2.8. Re-reference data#
Re-referencing is our final preprocessing step. Since the EEG signal is measured as the difference in voltage between two electrodes, the signal at any given electrode depends strongly on the “online” reference electrode (typically placed on the mastoid bone behind the ear or on the forehead).
During preprocessing (“offline”), we typically want to re-reference the data to a more neutral (and less noisy) reference, such as the average of all channels.
raw = raw.set_eeg_reference('average')
_ = raw.plot(start=60.0, duration=5.0)
EEG channel type selected for re-referencing
Applying average reference.
Applying a custom ('EEG',) reference.

2.9. Exercises#
Re-run the above analysis for a different experiment. For this, you can simply reuse the code cells above, changing only the second cell. Valid experiment names are
'N170'
,'MMN'
,'N2pc'
,'N400'
,'P3'
, or'ERN'
.Below, try out the effect of different filter settings such as a higher high-pass cutoff or a lower low-pass cutoff.
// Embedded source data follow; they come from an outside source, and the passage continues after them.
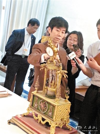 昨日,故宫博物院宫廷部研究员郭福祥介绍清代铜镀金转花水法人打钟受损情况。新华社记者廖翊摄
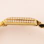PATEK PHILIPPE Montre de femme de forme carrée. Référence 4874. Boîtier en or jaune 750 millièmes signé et numéroté. Lunette sertie de diamants. Cadran nacré, index diamants et aiguilles dorées. Mouvement quartz signé. Dimensions : 23 × 23 mm environ. Bracelet intégré en or jaune 750 millièmes, attaches serties de diamants, boucle déployante signée en or blanc 750 millièmes. Poids brut : 105,3 g. Boîte et surboîte, sans papiers.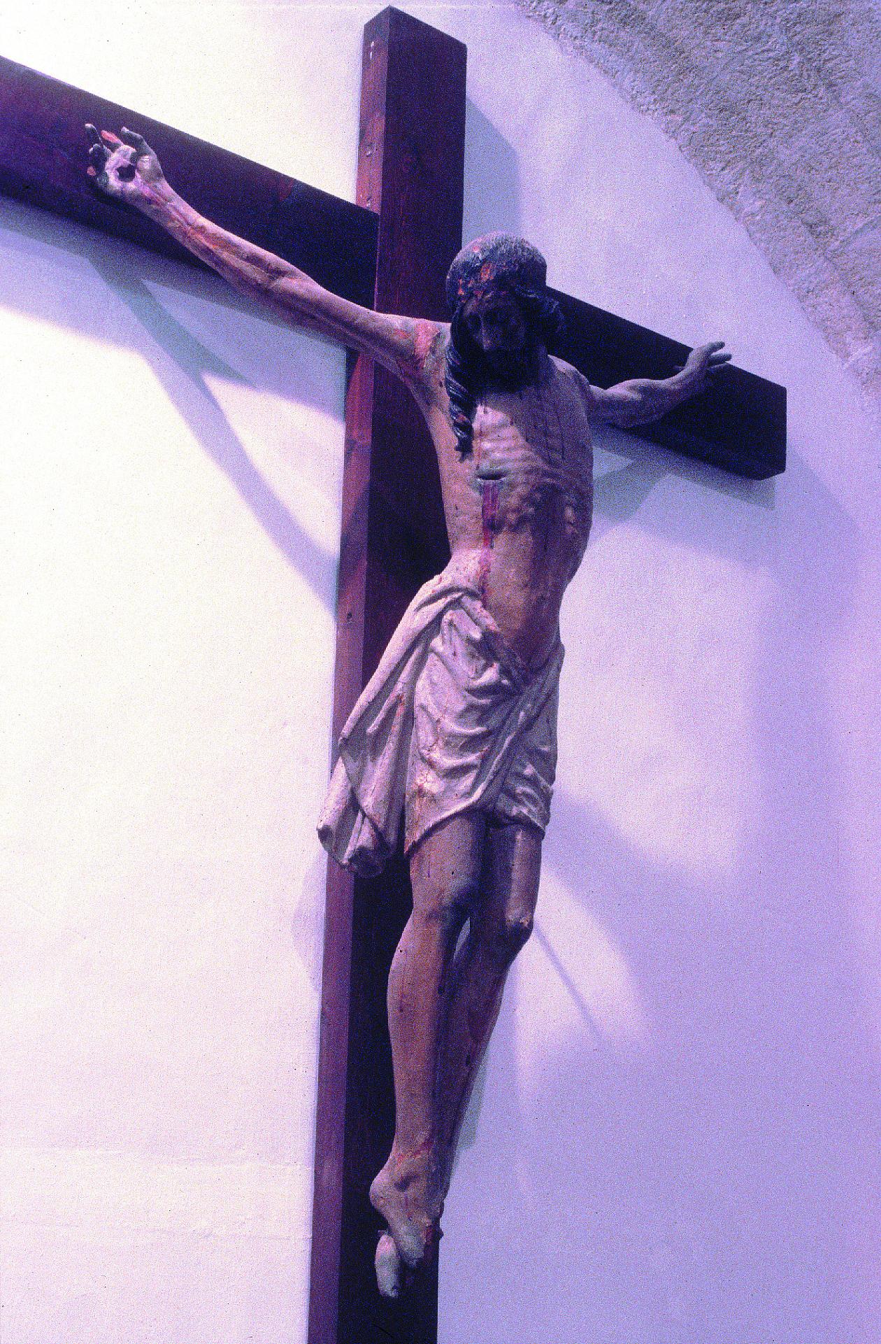 Gran parte de los daños que presentaba la escultura habían sido causados en el curso de anteriores intervenciones. La más importante tuvo lugar al colocar la imagen en el retablo de forma totalmente paralela al plano de la cruz, para lo cual se mutiló el reverso y se readaptaron los ensambles de los brazos hasta conseguir llevarlos hacia adelante y anular el arqueo y la tensión propia de los mismos. Por alguna razón, en ese o en algún otro momento, fueron amputadas también las manos y sustituidas por otras. A esto se suma la rotura de las piernas y la pérdida de fragmentos en ambos pies, ocasionados por golpes sufridos durante la Guerra Civil, según el testimonio popular. Por otra parte, la desaparición de parte del cabello y la presencia de numerosas perforaciones evidencian cambios de coronas y potencias a lo largo del tiempo.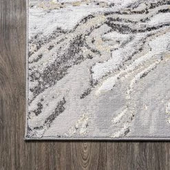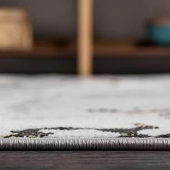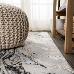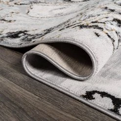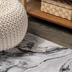 Inspired by the abstract designs of marbled papers, this bold rug has a modern, coastal vibe. Deep charcoal and gray swirl across an ivory background. This unique rug’s overall pattern makes it perfect for homes with kids and pets. It’s the perfect centerpiece for a mid-century modern, contemporary, beach house or minimalist interior.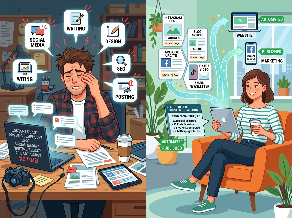 Сучасний малий бізнес стикається з парадоксом: усі розуміють важливість контент-маркетингу, але далеко не всі можуть його ефективно реалізувати. Instagram-продавці, власники невеликих онлайн-магазинів, дропшипери — всі вони знають, що регулярні публікації, якісні описи товарів та залучаючий контент є основою успіху. Проте реальність виглядає інакше.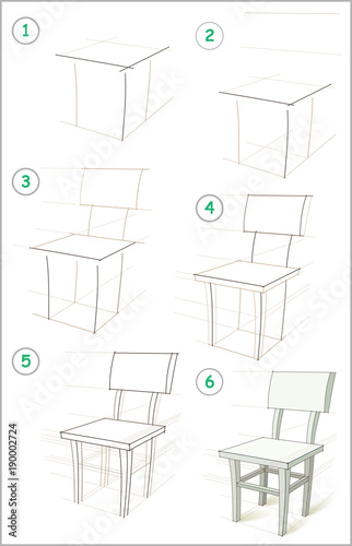 Wall mural page shows how to learn step by step to draw a chair. developing children skills for drawing and col - Wall murals Wall mural page shows how to learn step by step to draw a chair. developing children skills for drawing and col - Wall murals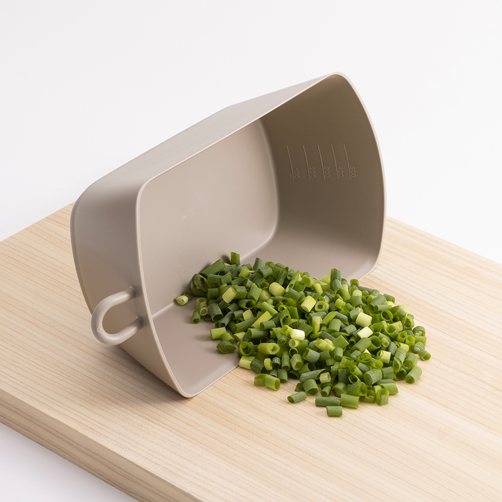 ・バットのフチのエッジで、切った食材をすくい取れる。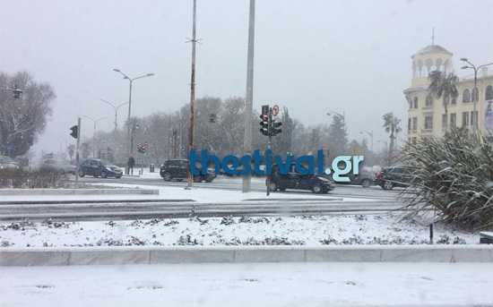 Έντονη είναι η χιονόπτωση στο κέντρο της Θεσσαλονίκης μετά τις 11 το πρωί, με το οδόστρωμαακόμη και κεντρικών οδών, όπως η παραθαλάσσια Λεωφόρος Νίκης, να έχει καλυφθεί το μεσημέρι από χιόνι, με αποτέλεσμα τα οχήματα να κινούνται με σχεδόν μηδενικές ταχύτητες.

For this, write your own code that achieves the following: (a) read the raw data from one participant, (b) apply your own custom high-pass, low-pass, or band-pass filter, (c) plot the filtered data, and (d) repeat for different filter settings.
# Your code goes here
...
2.10. Further reading#
Tutorials on preprocessing on the MNE-Python website
Blog post Pitfalls of filtering the EEG signal by Narayan P. Subramaniyam
Blog post Introduction to ICA: Independent Component Analysis by Jonas Dieckmann
Online chapter A closer look at ICA-based artifact correction in Luck (2014)
Paper EEG is better left alone (Delorme, 2023)
2.11. References#
- Delorme, 2023
Delorme, A. (2023). EEG is better left alone. Scientific Reports, 13(1), 2372. doi:10.1038/s41598-023-27528-0
- Gramfort et al., 2013
Gramfort, A., Luessi, M., Larson, E., Engemann, D. A., Strohmeier, D., Brodbeck, C., … Hämäläinen, M. (2013). MEG and EEG data analysis with MNE-Python. Frontiers in Neuroscience, 7, 267. doi:10.3389/fnins.2013.00267
- Kappenman et al., 2021(1,2)
Kappenman, E. S., Farrens, J. L., Zhang, W., Stewart, A. X., & Luck, S. J. (2021). ERP CORE: An open resource for human event-related potential research. NeuroImage, 225, 117465. doi:10.1016/j.neuroimage.2020.117465
- Luck, 2014
Luck, S. J. (2014). An Introduction to the Event-Related Potential Technique. 2 ed. Cambridge, Massachusetts: MIT Press.